Will Angela Merkel Repeat a Terrible History?
Editorial
The ever-ascending rocket that is Angela Merkel’s international image is powered by a precious, highly volatile fuel: the deep and wide—but finite—reservoir of good will and prosperity of Germany, the country of whose government she is head.
Merkel was educated in the public schools of Germany—the former East Germany, for what that is worth, and any realistic estimate of what she learned of Germany’s history in that setting must be modest both as to its extent and its veracity. This lament is not at all peculiar to Germany’s schools, not even those of the communistic German Democrat Republic of yore. The government schools of any country do a woeful job of informing its students of their country’s history, such that if Student Merkel had failed to pay any attention to it at all, she might have come away better able to address the subject at such later time (as when she assumed leadership of the country’s government) as knowledge of it would be important. But even that advantage would be lost if, after gaining the dubious benefit of ignorance, she then resolved it with any antidote resembling the official lies and distortions, or even failed to resolve it at all.
Merkel’s policies regarding the waves of African and Middle Eastern refugees lapping the diaphanous shores of her blessed homeland lead me to think that either she is ignorant of Germany’s recent history as it concerns refugees, or that she has willfully sacrificed the concerns it must engender to the immediate rewards of becoming Time Magazine’s Person of the Year for 2015 (as was, of course, her predecessor Chancellor Adolf Hitler in 1938). Hitler had not invited hundreds of thousands of foreign refugees into his country, but by the year of his Personhood, he had undertaken the repatriation of some thousands of Polish Jews who had entered and established themselves in Germany over a period reaching back well before his 1933 ascent to power.
Kristallnacht—the infamous “night of broken glass”—may be traced to Hitler’s “reverse-Merkel” project, through the agency of one Hershel Grynszpan, the son of a Polish-Jewish couple caught up in Hitler’s early ethnic-cleansing program. The German government had consigned Grynszpan’s parents in an order of the previous month to join their co-religionists at Poland’s border with Germany, where the Polish government had erected Europe’s first concentration camps for Jews, since it did not want to readmit its erstwhile citizens.
Hitler’s ascent to international prominence, then, might be said to have been fueled by the intolerance and indifference of Germans, the grandparents, give or take a generation, of the people upon whose good nature Chancellor Merkel so lavishly prevails as her own star rises in the global firmament. The ensuing war (World War II) decimated Germany and its territory and people. Perhaps, despite the randomness that governs the impact points of bombs and artillery shells, the bloody process only killed the kind of German that would have approved of Hitler’s initiatives against not only the (Jewish) immigrants from Eastern Europe, but against German Jews, who had by 1933 come to dominate professions in entertainment, the media, academia, the law, government and medicine to an extent that alarmed many Gentile Germans and aroused their resentment, or worse. Of such combustible elements was the fuel powering Hitler’s massive boosters, seemingly of an altogether opposite character from the fragrant essence currently lifting Angela Merkel’s reputation into orbit.

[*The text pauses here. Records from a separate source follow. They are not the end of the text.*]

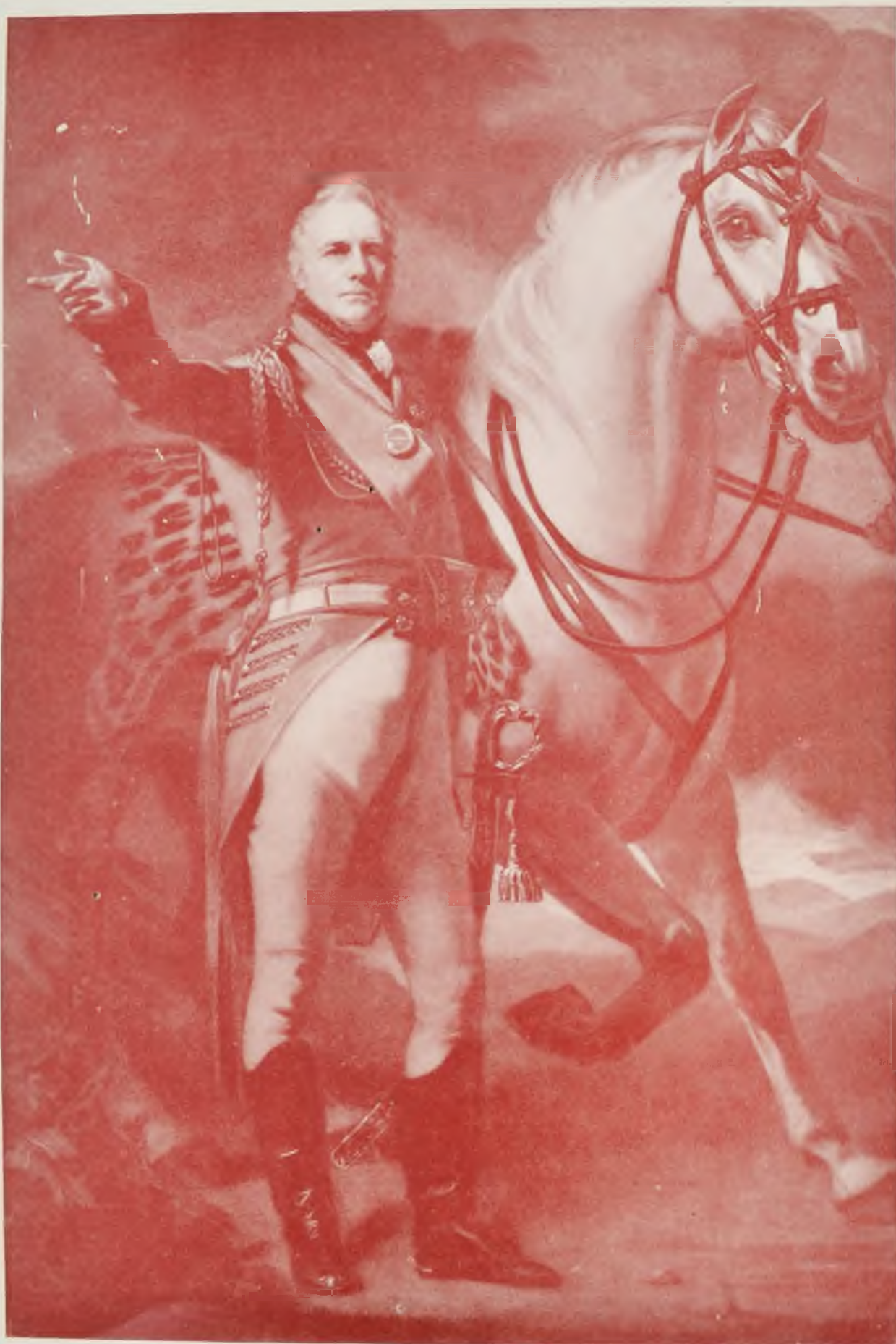
SIR DAVID BAIRD (COLONEL 24TH REGIMENT) By T. Hodgetts & Son, after Sir Henry Raeburn, R.A.
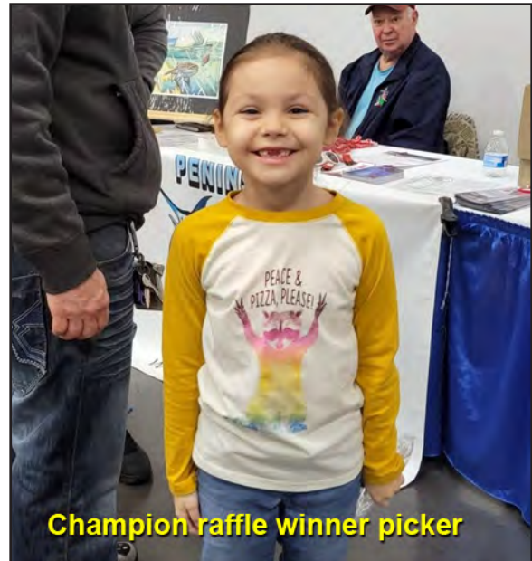
Champion raffle winner picker
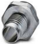
M8 pin, front mounting SMD with M10 screw fastening

Housing screw connection - SACC-FP-M-M8/M10 SMD - 1412502
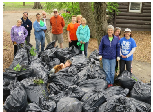
Our Garlic Mustard Haul

All workdays are scheduled for Saturdays from 9am-12pm. Look for the Riverside Public Works dump truck. Come for an hour or three, whatever your schedule allows. Supervised children are welcome. Service hour credits are available. Bring your favorite work gloves and a water bottle. All other supplies and snacks will be provided.
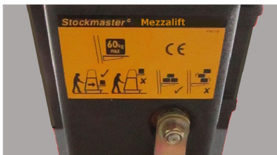
A reliable manually operated winch transfers loads up to 60Kg.
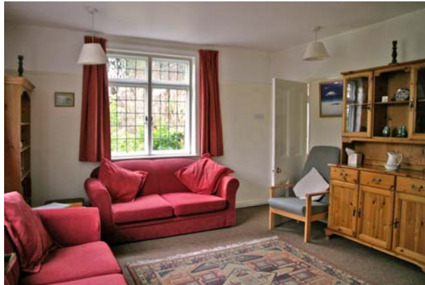
The Cottage Lounge
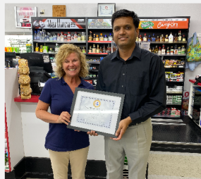
Midway Little General
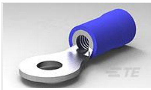
TE Part #34159 TERMINAL,PG R 16-14 6
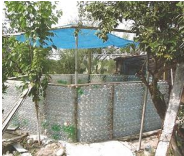
Figure 4: Learning Group, Collecting System , 2005. Plastic bottles, wood and wire. Dimensions variable. Monterrey, Mexico. (Smith 2005:69).

together configuration of waste materials, which is central to the do-it-yourself movement (Kelly 2008:25). As Nicole Dawkins (2011:263, 274) states, the interdisciplinary movement of do-it-yourself is based on a post-feminist mindset that uses craft techniques such as knitting, sewing and needlework to create contemporary craftwork. As examples of stitching in contemporary art practice, Nash sews plastic bags together with thread, Anatsui stitches liquor-bottle caps with copper wire and the art collective of Learning Group uses steel wire to adjoin plastic bottles. The abovementioned materials are not conventional art media, however, contemporary artists utilise this low-tech, handmade technique to instil a subjectivity in artworks that are made from mass-produced objects (Manco 2012:6). Therefore, do-it-yourself allows artists to mould cultural traces according to their own subjectivity (Vergine 2007:13).
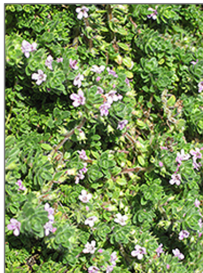
Pink Chintz Creeping Thyme flowers
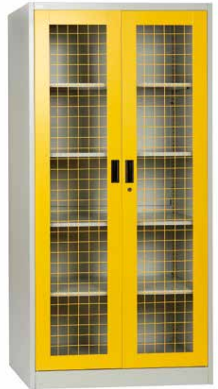
mesh door cupboard QFSMDC
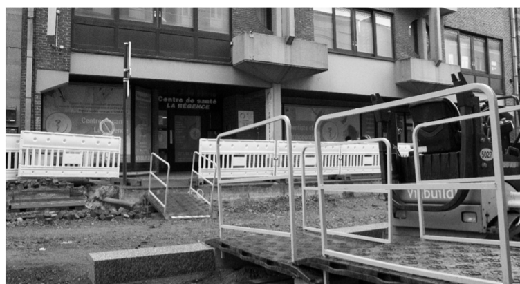
Fig. 4 Barriers in reaching healthcare.

Healthcare utilisation Interviews with both CHWs and people in socio-economically vulnerable circumstances
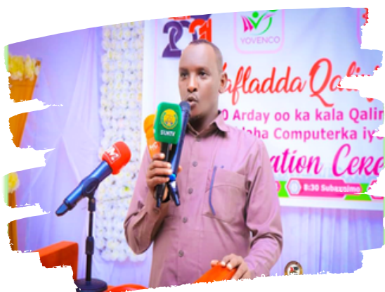
Figure 23 BMA Executive Secretary Giving Speech During The Ceremony

YOVENCO Technical and Vocational Institute also provides self-funded vocational training courses in computer, and electrical installation, digital skills, and cooling system repair to the youth, women, and adults.
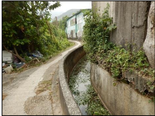
Modified watercourse receiving effluent from adjacent properties
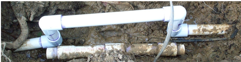
Repaired (Applied by All-around PVC Pipe Repair Method; Two Pipes are not Straight (Curved))

Gardener's PVC routing skill level looks so low because water leak at many places were observed. The reasons obtained as a result of my repair works are;
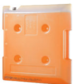
va-Q-accu -32G -35 °C to -25 °C
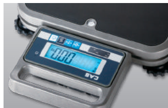
Large LCD with Backlight
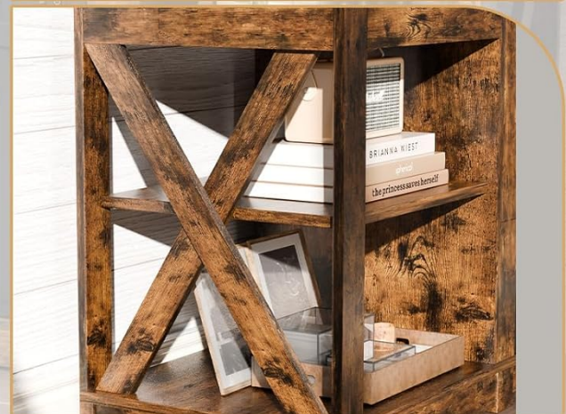
Criss-Cross Embellishment Graceful intersecting design
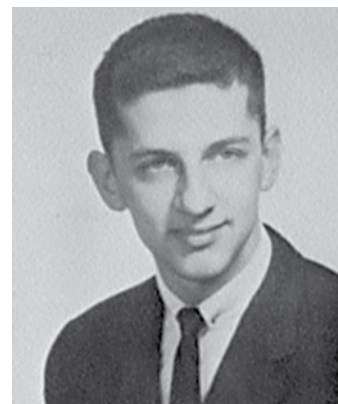
Photo from 1963 Deneff yearbook.
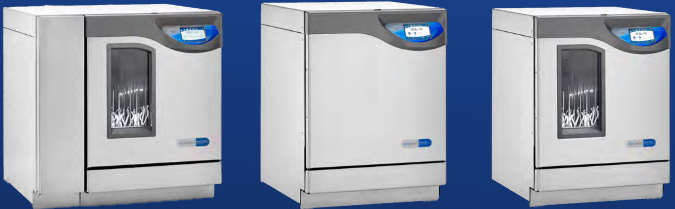
Reliance™ 100 Series Laboratory Glassware Washers
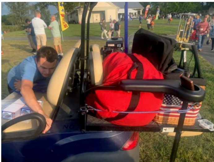
This young man has a RC-Remote Control Balloon

But enough about this HOT AIR stuff. The EAA 32 Learners were at the 2024 LSA Light Sport Aircraft event at Mount Vernon, IL this year.
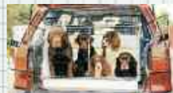
DB7 London in Land Cruiser shows extended mesh hi-top
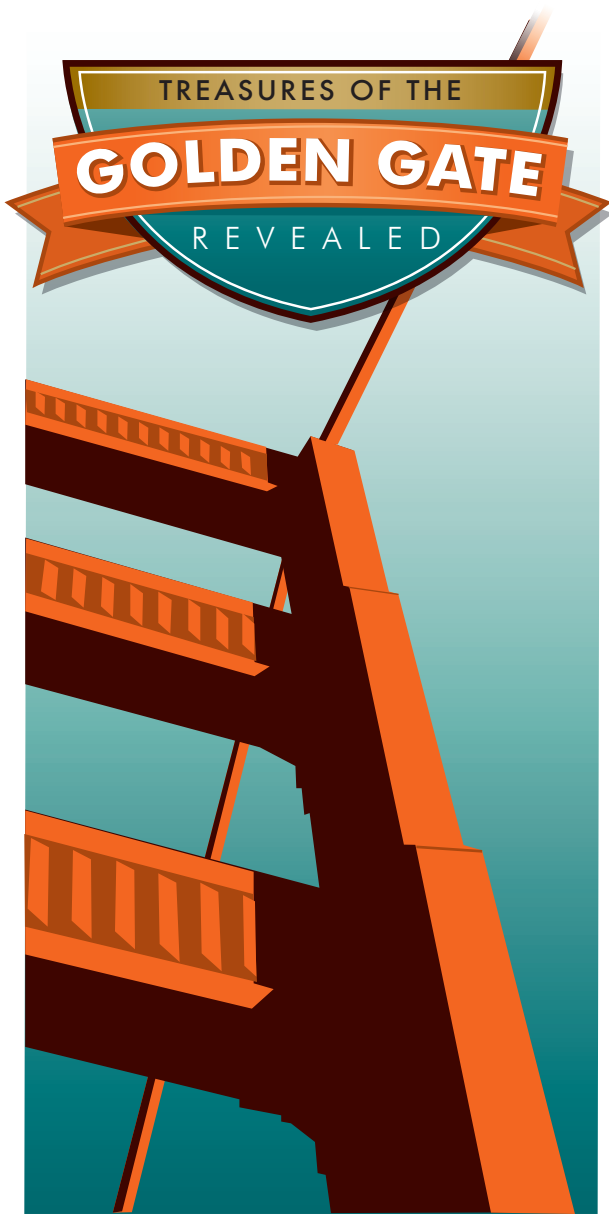
Discover Fascinating Facts and History While Walking the Golden Gate Bridge
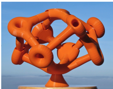
Figure 1: An individual figure [6]. Make it large enough so that necessary details can be seen. Fine-tune its size, so that you obtain convenient page breaks.

If you are writing your paper using \text{\LaTeX} , please use a copy of the source .tex file for this document as your starting point. Some useful \text{\LaTeX} resources are [1, 5]. This template (with its accompanying style file) has been set with the proper paper size and all the necessary styles for proper formatting. Just replace the text in this file with your own text. Also substitute your own images for the figures in this template, either as an individual figure like Figure 1, or, alternatively, as in the composite Figure 2. Each figure is then followed by a \caption .
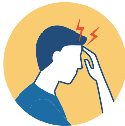
HEADACHE* *particularly new onset of severe headache, especially with fever
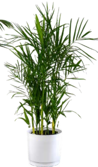
Bamboo Palm 4 - 6'
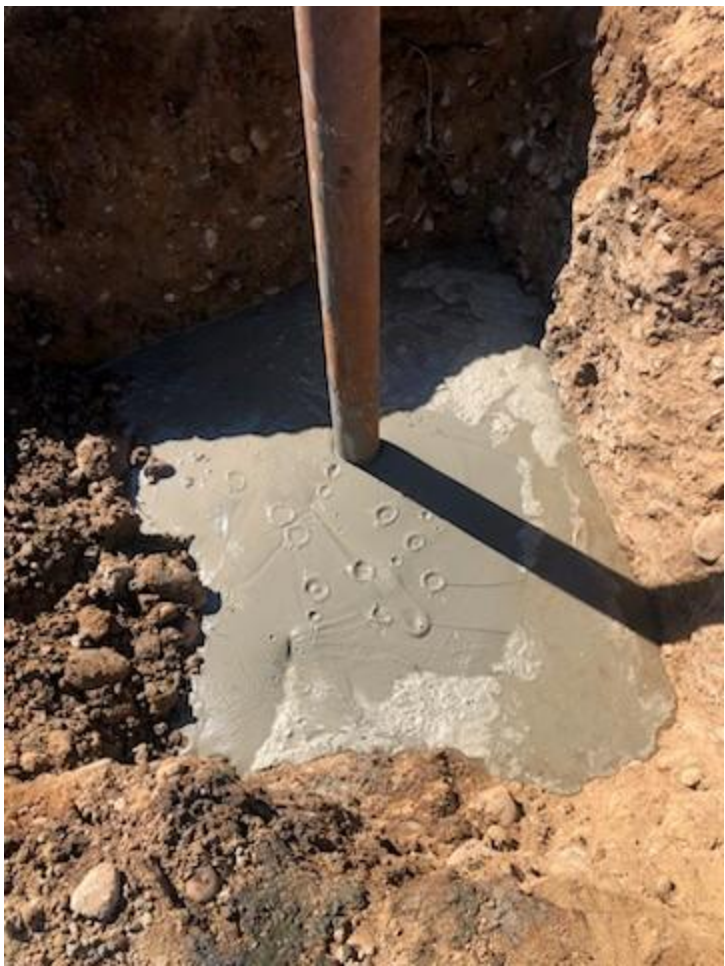
Figure 4: Top Off
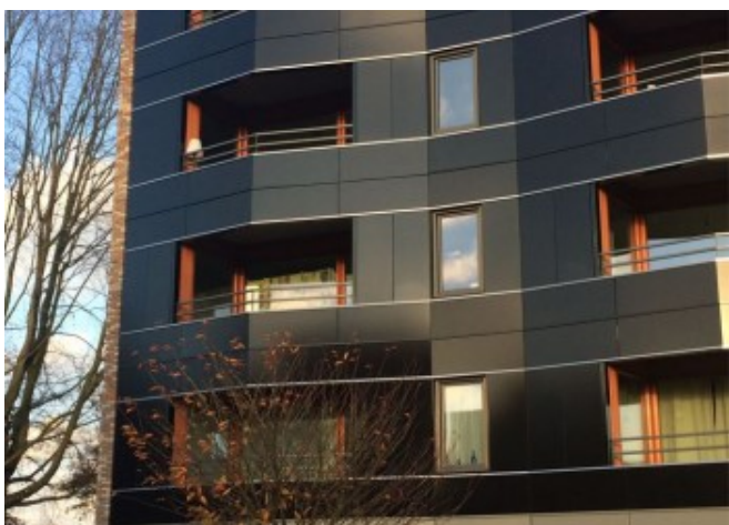
BIPV façade with standard modules
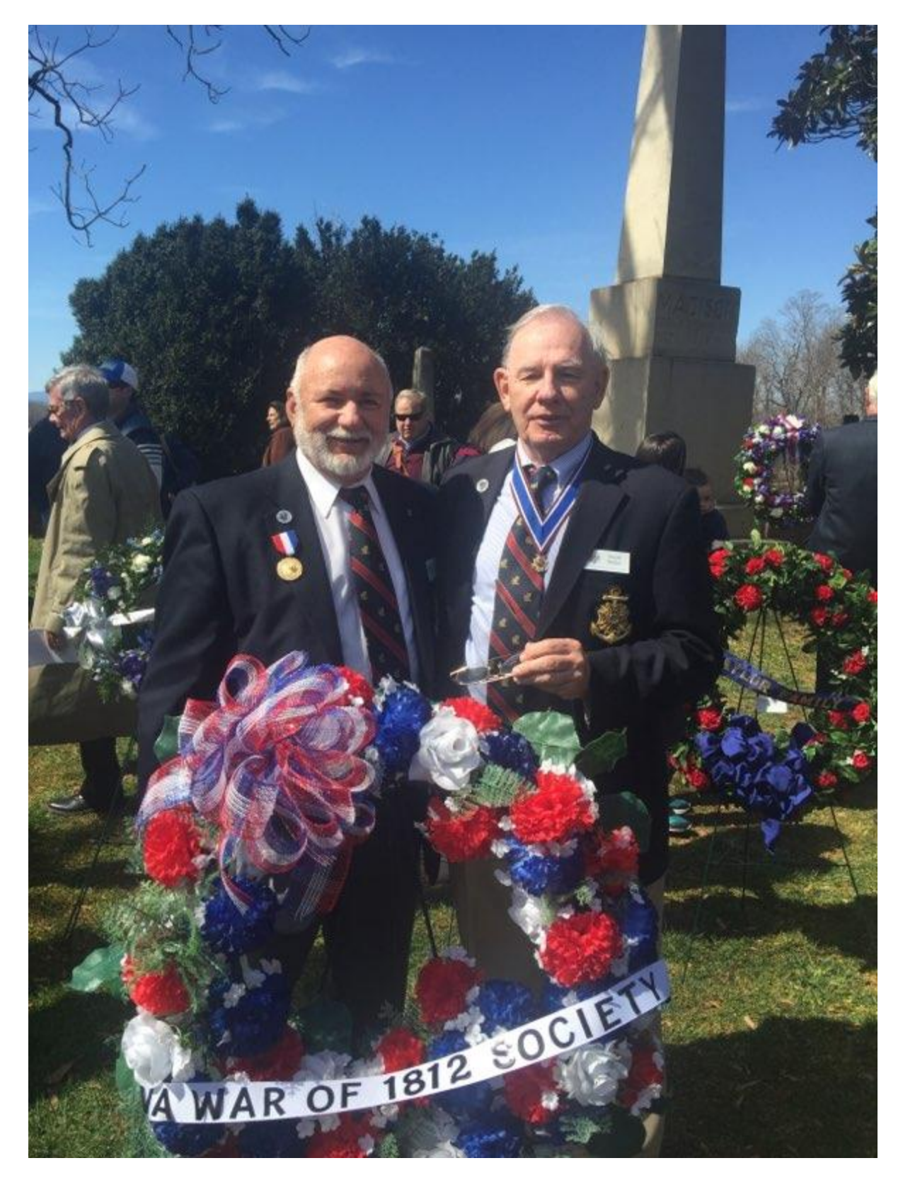
Below is the society's wreath with the President Madison's monument in the background
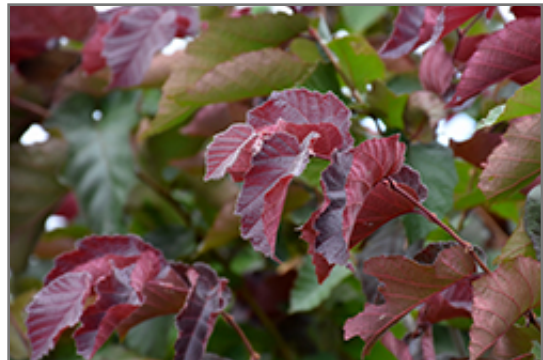
Purpleleaf Bailey Select American Hazelnut foliage
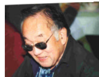
Akio Yanagihara, photographer—Captured!!!
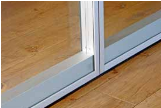
Minimal frame surround (30mm)
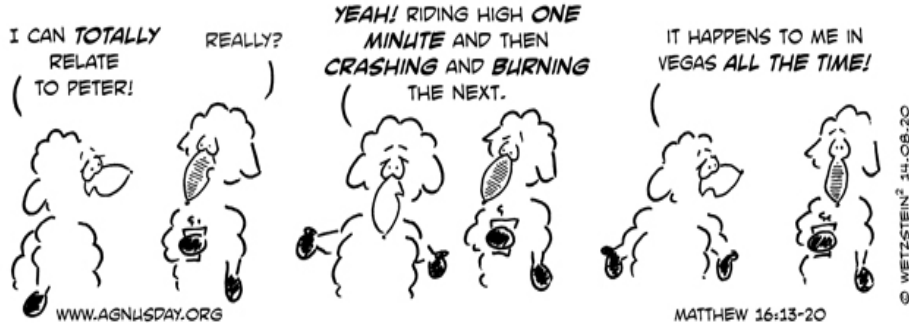
"Agnus Day appears with the permission of www.agnusday.org"
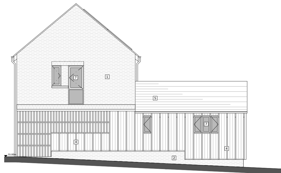
RH SIDE (NW) ELEVATION

Is Chancellor Merkel aware of the motive force provided to Hitler and the horrible trajectory of the war for which he bears an altogether disproportionate share of the blame, by the presence in German society of numerous recent arrivals with an alien religion and language(s)? Might she really imagine that the bombs and guns of the war that ended ten years before her birth might have picked off all the ”bad eggs” among her countrymen? Or might she just as fantastically suppose that seventy years of re-education have so excised the human instinct of self-preservation from the collective psyche of Germans that they now might be cajoled into sacrificing their culture, their language and yes, their territory, to invaders who, like the Goths seeking refuge in the Roman Empire from Huns invading from the east, warrant unlimited self-sacrifice and -abnegation such as the Romans ultimately rendered up to their pitied conquerors?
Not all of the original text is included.